Сорок лет существования в режиме свободного порта (1819–1859) вместе с предприимчивостью населения – состоявшего из переселенцев как из самой России, то есть русских, украинцев, молдаван, евреев черты оседлости, так и из эмигрантов из Греции, Италии, Франции, Германии, Англии, австрийской Польши (поляков и евреев) – надолго закрепили за Одессой репутацию оборотливого города-космополита. А открытие Новороссийского университета в 1865 году обеспечило ей положение культурного и научного центра всей Новороссии, несмотря на то, что губернский центр продолжал находиться в Херсоне.

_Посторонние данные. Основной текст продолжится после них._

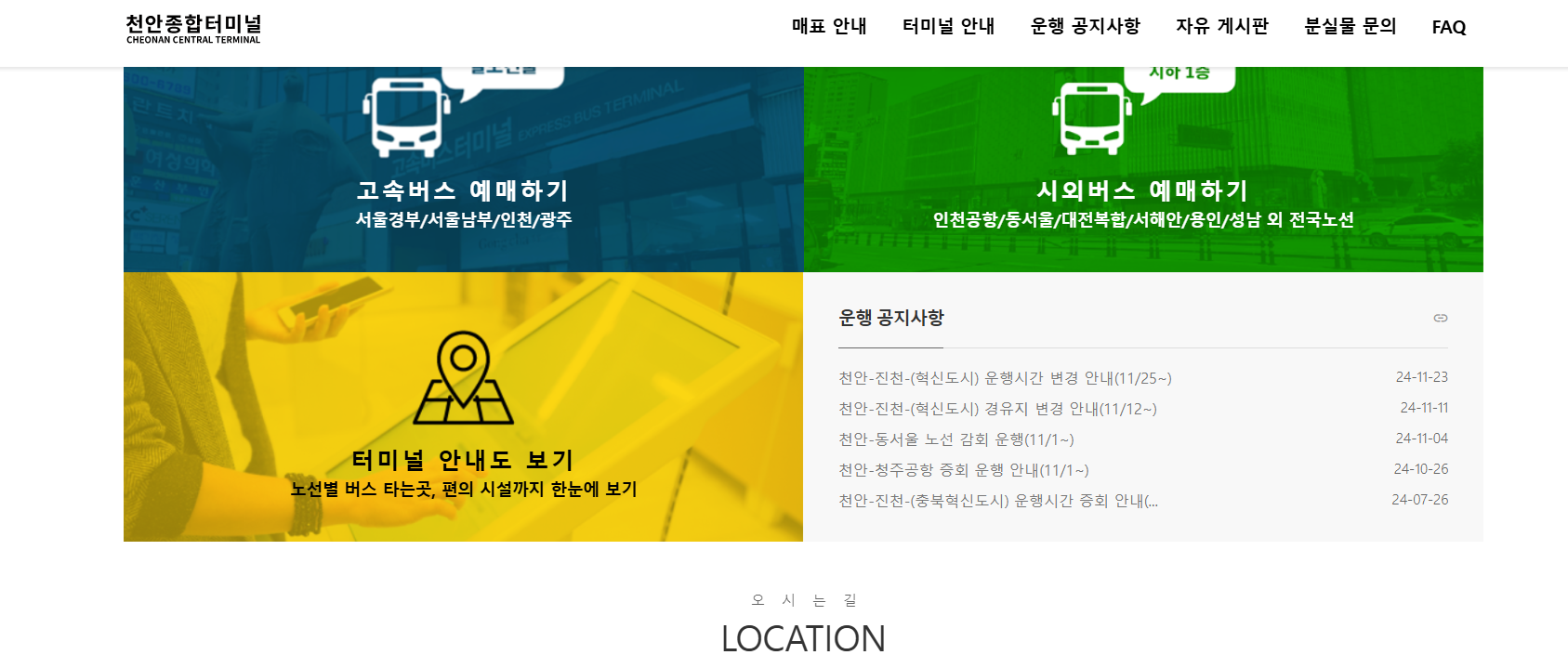 터미널 공식 홈페이지를 통해 예매 가능

Экономический бум, начавшийся в Одессе в пореформенное время, стал постепенно стихать после убийства Александра II в марте 1881 года, а отношение к Одессе в правительственных кругах сменилось на подозрительное. Космополитичная, оборотливая, в социальном отношении передовая, а в политическом – хорошо осведомленная и, следовательно, прогрессивная; кроме того, на четверть, а позже на треть еврейская, Одесса стала расцениваться Петербургом как чужой, если не сказать враждебный, город. Такой город ни в коем случае не заслуживал государственных капиталовложений в инфраструктуру. И все же, несмотря на то, что Петербург предпочитал делать ставки на развитие Николаева и Херсона, портов-конкурентов Одессы (в том числе за счет строительства железных дорог), город не пал духом и, невзирая даже на экономический спад начала ХХ века, продолжал развиваться и расти большими темпами: в период 1881–1905 годов его население более чем удвоилось: с 226 000 до полумиллиона жителей[7].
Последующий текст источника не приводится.